I was given this code: 
I was asked to determine its complexity, now you could see that we are doing $\log_i(n)$ "actions" in each iteration of $i$. The problem is that the answer here is $\Theta (n)$ and I can't seem to understand/nor prove this, so bassically what I want to prove is
$$\Theta(\sum_{k=2}^{n} \frac{\ln(n)}{\ln(k)}) =\Theta(n)$$
or just
$$\Theta(\ln(n)\sum_{k=2}^{n} \frac{1}{\ln(k)}) =\Theta(n)$$
I tried proving $$\frac{\ln(n)\sum_{k=2}^{n} \frac{1}{\ln(k)}}{n} \to 1$$, or that the difference goes to zero, but I couldn't. Keep in mind I've only taken real analysis and haven't taken any course with advanced complexity or whatever, but then again I'd be happy to see solutions to this even if I haven't seen your methods in class because we are not required to prove these things in class, but I also can't see the intuition for this.
Any help is greatly appreciated.
Argument is adapted from this question and answer here
Pretty much everything hinges on the summation term $$ \sum_{k=2}^n\frac{1}{\log(k)} \in \Theta\left(\int_2^n\frac{1}{\log(x)}dx\right) $$ which is the function of the associated integral.
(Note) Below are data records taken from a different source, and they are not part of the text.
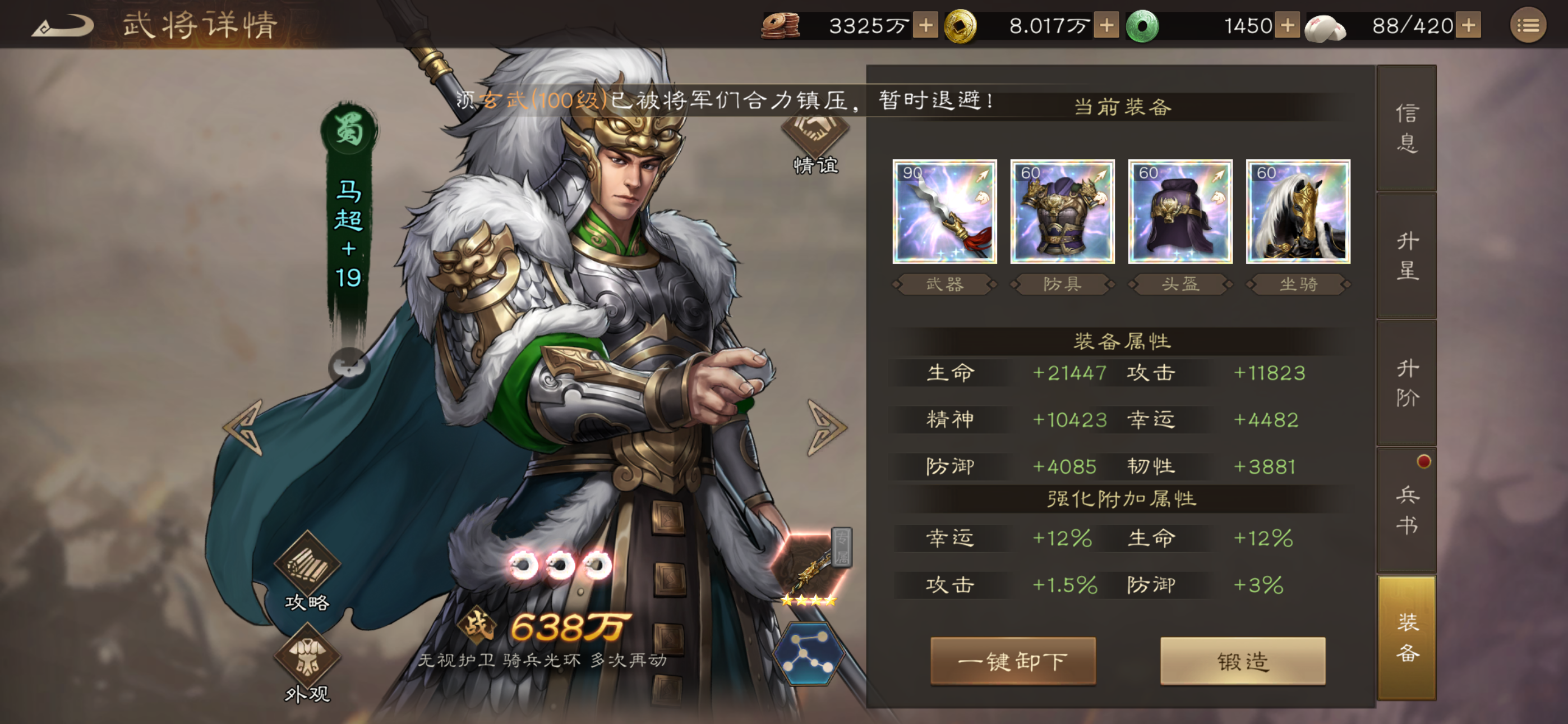 这次马超无双活动,抽了300抽拿了8个本体,马超13星,神兵也屯着先不准备换,经过这两天,官方已经把马超加强了很多,拉满的强度已经可以成为首发了(前提是拉满)。那对于平民来讲,马超推荐抽么?和之前无双比起来怎么样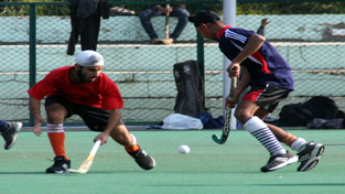 Hockey players in action during a match at K K Hakku Stadium, Jammu on Monday.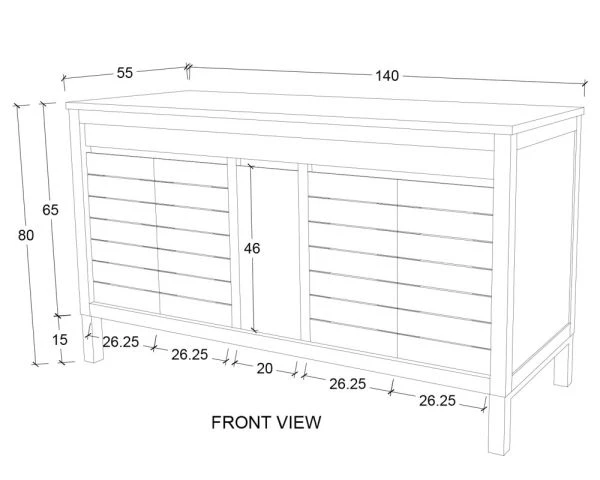 Longueur : 140 cm ; Profondeur : 55 cm ; Hauteur : 80 cm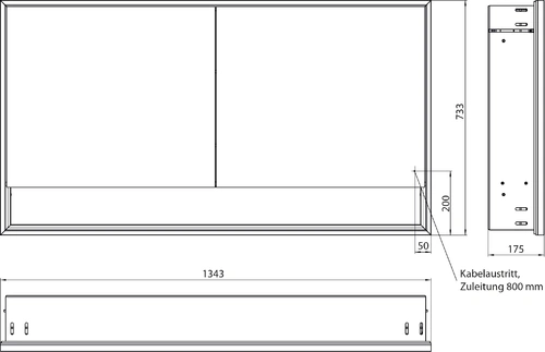 - Maße (BxTxH): 1343 x 175 x 733 mm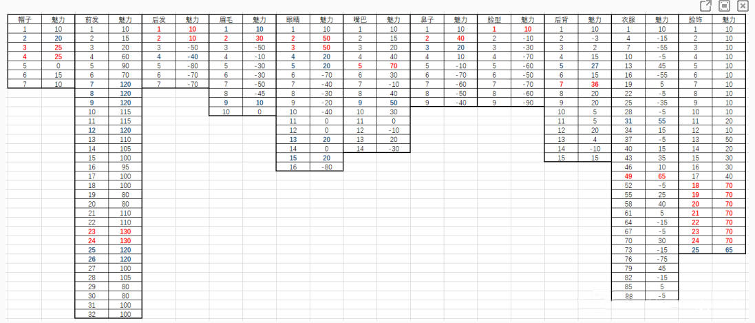 背后7、鼻子2、眉毛2、后发1、整套魅力值691点,魅力评价绝对是仙姿。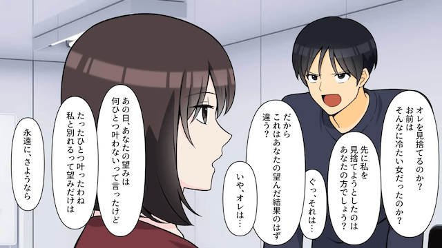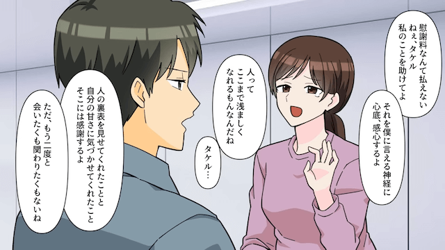 自分が悪いと思っておらず責任転嫁を続ける夫と部下に、主人公は慰謝料を請求。 支払いができない部下は婚約者にすがり、夫は主人公に助けを求めてきます。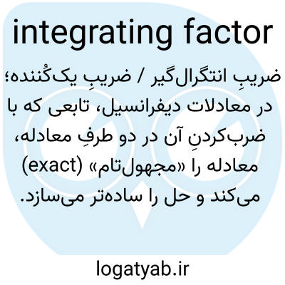 📌 عاملی که هنگام ضرب یک معادله دیفرانسیل در سمت راست برابر با صفر، معادله را انتگرالپذیر میکند، معمولاً با تبدیل عبارت حاصل به یک دیفرانسیل دقیق از یک تابع.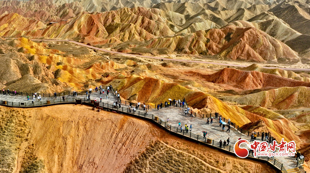 5月1日,甘肅張掖七彩丹霞旅游景區(qū)內(nèi)游人如織,來自全國(guó)各地的18000多名游客慕名前來,欣賞獨(dú)特的丹霞地貌,領(lǐng)略大自然雄奇壯觀的景色。

Lets just call this integral $$ f(n)=\int_2^n\frac{1}{\log(x)}dx. $$
Let $g(x)$ be defined as $$ g(n) = \frac{n}{\log(n)} $$
We now want to show that $f(n)\in\Theta\left(g(n)\right)$ by taking the limit $$ \lim_{n\rightarrow\infty} \frac{f(n)}{g(n)} < \infty. $$
Taking the derivative of the top and bottom terms to use L'Hopital's rule (and applying fundemental theorem of calculus) we get that $$ \lim_{n\rightarrow\infty}\frac{\frac{1}{\log(n)}}{\frac{\log(n)-1}{\log(n)^2}} = \lim_{n\rightarrow\infty}\frac{\log(n)}{\log(n)-1}=1. $$
Therefore we know that by transitivity of $\Theta$ that $$ \sum_{k=2}^n\frac{1}{\log(k)} \in \Theta\left(\frac{n}{\log(n)}\right). $$ Multiplying this by the $\log(n)$ term that we left out, we find that the original sum derived from the function $$ \sum_{k=2}^n\log_k(n)\in\Theta(n) $$
Q.E.D.